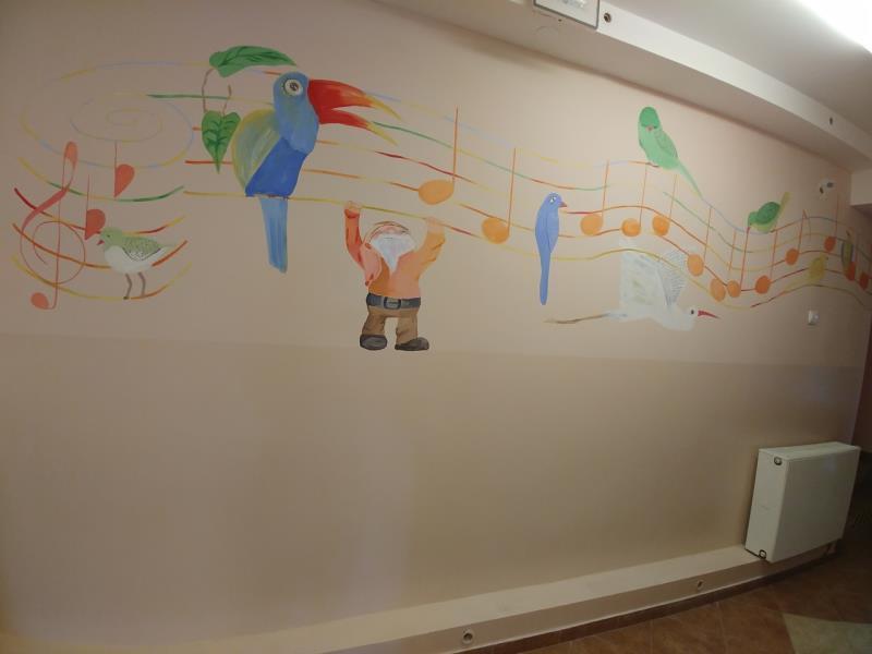 Przedszkole zostało rozbudowane oraz całkowicie wyremontowane w ramach projektu Europejskiego Funduszu Społecznego „Radosne Przedszkolaki
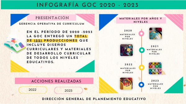 EN EL PERÍODO DE 2020 -2023 LA GOC ENTREGÓ UN TOTAL DE 1221 produccionES QUE Incluye Diseños Curriculares y materiales de desarrollo curricular DE TODOS LOS NIVELES EDUCATIVOS.
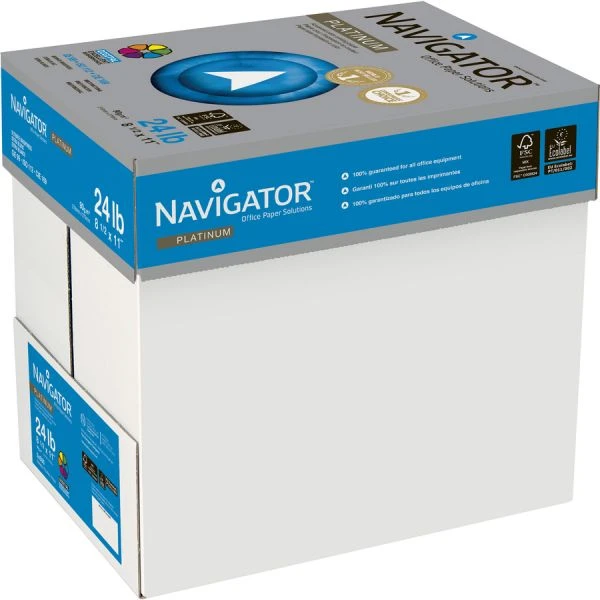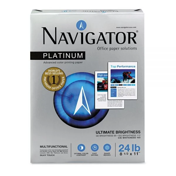 Navigator Platinum Paper, 99 Brightness, 24 lb, 8 1/2 x 11, White, 2500 Sheets/Carton – Color printing paper features an enhanced surface with a smooth finish. Compatible with laser and inkjet printers, multifunction printers, fax machines and copiers. 24 lb. paper delivers a crisp image with optimal color contrast and jam-free operation.
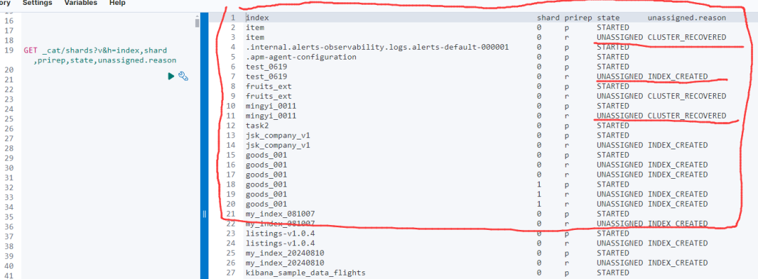 字段,确保没有未分配的分片。如果发现未分配的分片,可以使用以下命令重新分配:
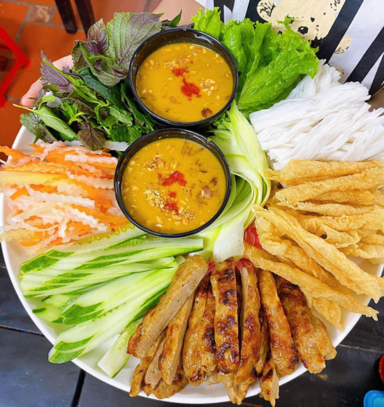 One Nem nuong serving is nutritious enough with herbs, raw vegetables, carrots, radishes and grilled pork, so the dish is suitable for sisters who want to stay in shape without fasting.
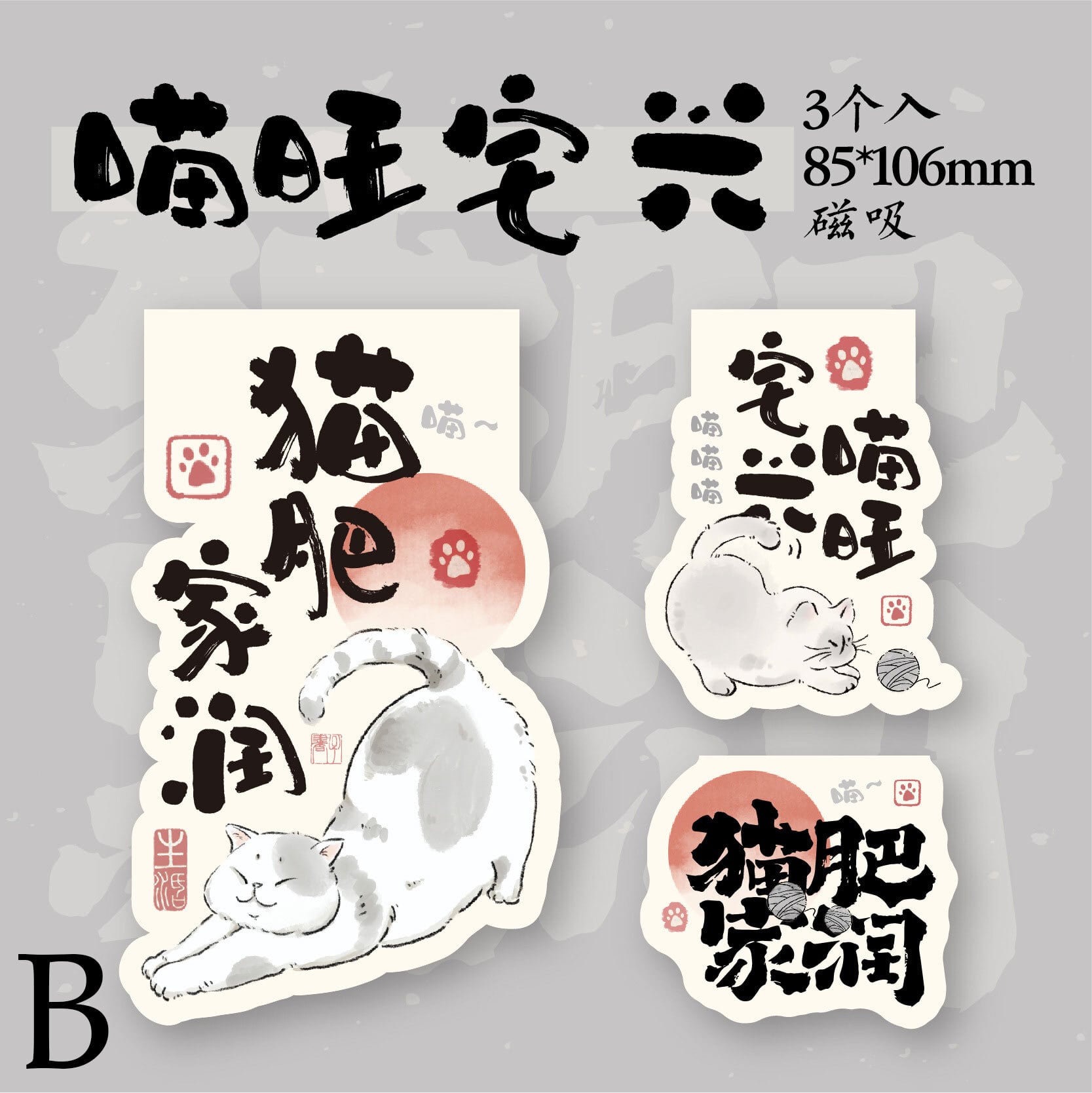 「猫肥家润」は、「猫が太っていると家が潤う(=福が来る)」という意味だそうです。「喵~(みゃお~)」というのは中国語で猫の鳴き声を表す言い方。
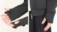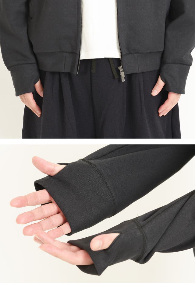 袖口にはフィンガーホール(サムホール、親指を通すタイプ)を付けて、手の甲まで快適にサポートする。
■ ■ ■
Word for word, restate only the lines from the one bearing "Navigator Platinum Paper, 99" through the final line of the listing, inclusive, with no pictures.

> _Completed exercise_
 Navigator Platinum Paper, 99 Brightness, 24 lb, 8 1/2 x 11, White, 2500 Sheets/Carton – Color printing paper features an enhanced surface with a smooth finish. Compatible with laser and inkjet printers, multifunction printers, fax machines and copiers. 24 lb. paper delivers a crisp image with optimal color contrast and jam-free operation.
 字段,确保没有未分配的分片。如果发现未分配的分片,可以使用以下命令重新分配:
 One Nem nuong serving is nutritious enough with herbs, raw vegetables, carrots, radishes and grilled pork, so the dish is suitable for sisters who want to stay in shape without fasting.
 「猫肥家润」は、「猫が太っていると家が潤う(=福が来る)」という意味だそうです。「喵~(みゃお~)」というのは中国語で猫の鳴き声を表す言い方。
 袖口にはフィンガーホール(サムホール、親指を通すタイプ)を付けて、手の甲まで快適にサポートする。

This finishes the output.